Le Mouvement JAMMI Sénégal a haussé le ton ce vendredi 29 août 2025 à Paris en exprimant sa « profonde inquiétude » face aux récentes prises de position d’El Hadji Malick Ndiaye, président de l’Assemblée nationale. Dans un communiqué signé par son président, Ibrahima Diop, le mouvement accuse le responsable parlementaire d’adopter une attitude jugée contraire aux fondements de la République, notamment par des déclarations qui remettent en cause l’équilibre institutionnel.

En s’appuyant sur la doctrine classique de la séparation des pouvoirs, JAMMI Sénégal rappelle le célèbre avertissement de Montesquieu : « Tout homme qui a du pouvoir est porté à en abuser ; il faut que, par la disposition des choses, le pouvoir arrête le pouvoir. » Le communiqué insiste sur le fait que la Constitution sénégalaise, à travers ses articles 88 et suivants, établit clairement une distinction entre l’Exécutif, le Législatif et le Judiciaire, tout en garantissant l’indépendance des magistrats.

Or, selon le mouvement, le président de l’Assemblée nationale s’est engagé dans une série de prises de position jugées préoccupantes. Il lui est reproché de s’immiscer dans les prérogatives de l’Exécutif et d’adresser des menaces directes au pouvoir judiciaire. Une attitude qui, selon JAMMI Sénégal, constitue « une violation flagrante du principe sacré de séparation des pouvoirs » et expose le pays à un déséquilibre institutionnel dangereux.

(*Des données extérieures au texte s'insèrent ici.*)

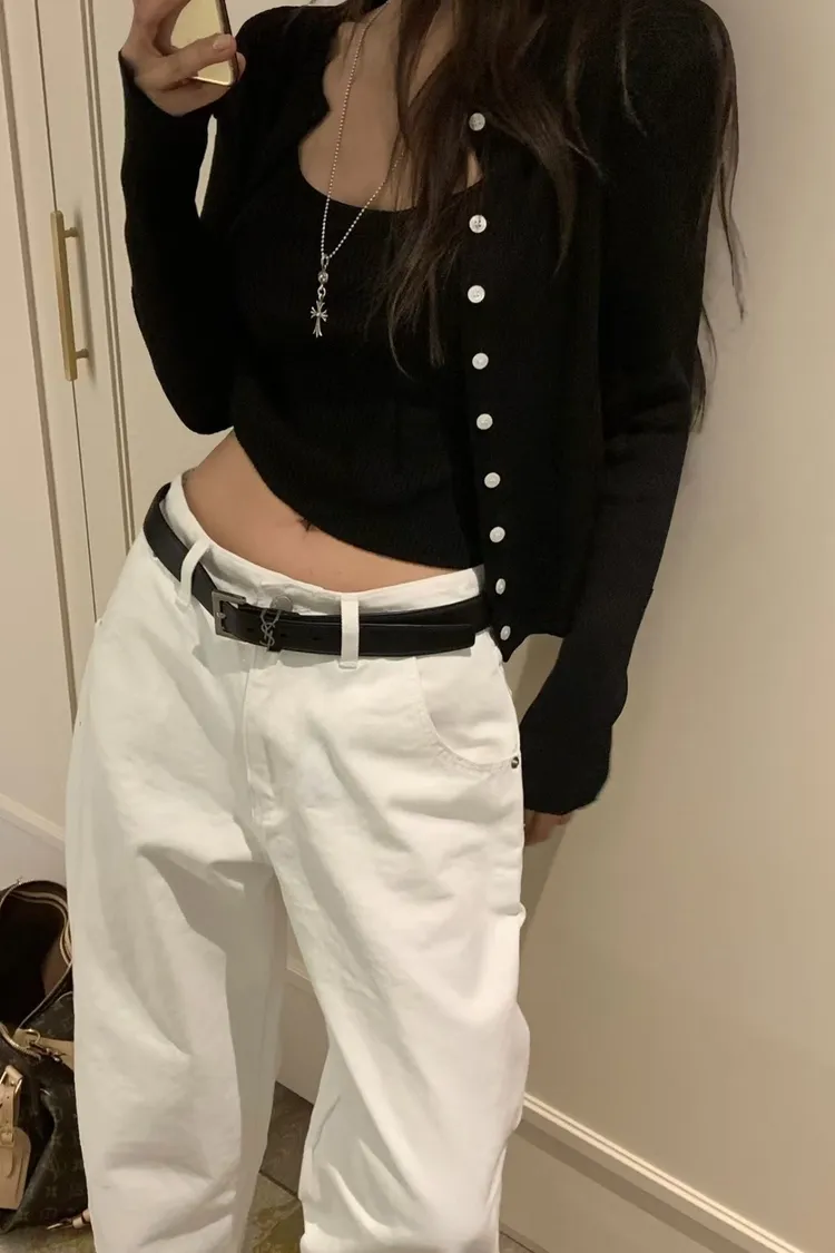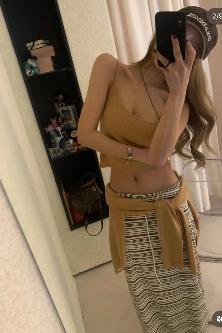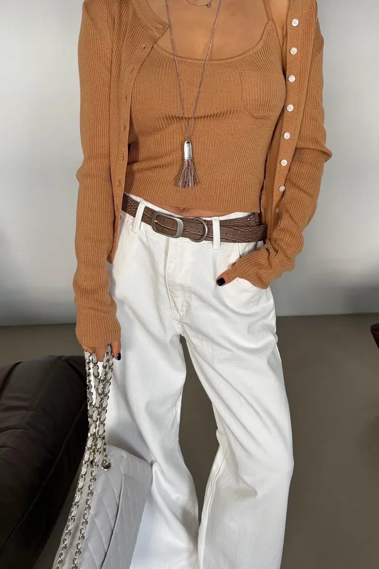 一眼就看上那個橘 細肩帶口帶背心+排釦外套SET
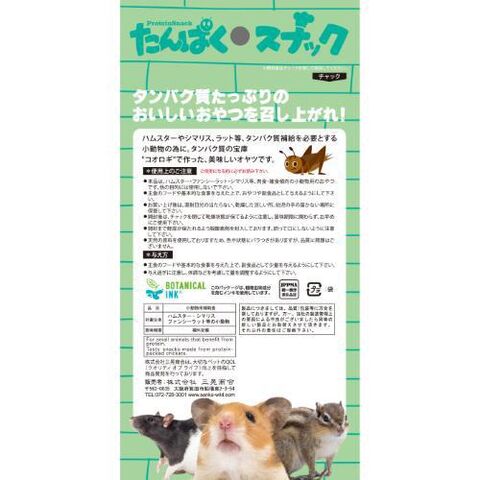 ※本品は、ハムスター・ファンシーラット・シマリス等、肉食・雑食傾向の小動物用のおやつです。他の目的には使用しないで下さい。

Dans son communiqué, le mouvement met l’accent sur les responsabilités républicaines qui incombent au chef du Parlement. Il rappelle que le Législatif n’a pas vocation à interférer dans la conduite de l’Exécutif, que le pouvoir judiciaire doit rester indépendant et respecté dans son intégrité, et que le président de l’Assemblée nationale a l’obligation morale et politique de se conformer à la retenue républicaine afin de préserver la dignité du Parlement.

JAMMI Sénégal se montre ferme : « La République ne saurait tolérer aucune dérive autoritaire, aucune confusion des pouvoirs, ni aucune tentative de pression sur la justice. » Le mouvement appelle ainsi solennellement El Hadji Malick Ndiaye « à se ressaisir, à rester dans le périmètre de ses compétences et à cesser immédiatement ses attaques contre les magistrats ainsi que son ingérence dans l’action gouvernementale ».

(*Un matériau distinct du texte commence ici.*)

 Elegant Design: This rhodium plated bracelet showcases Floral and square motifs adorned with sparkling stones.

En conclusion, le mouvement rappelle que la solidité de la démocratie sénégalaise repose sur trois piliers indissociables : un Parlement responsable, une justice indépendante et un Exécutif respecté dans ses prérogatives. Selon JAMMI Sénégal, seul le respect scrupuleux de cet équilibre permettra au pays de continuer à incarner « une République forte, juste et crédible ».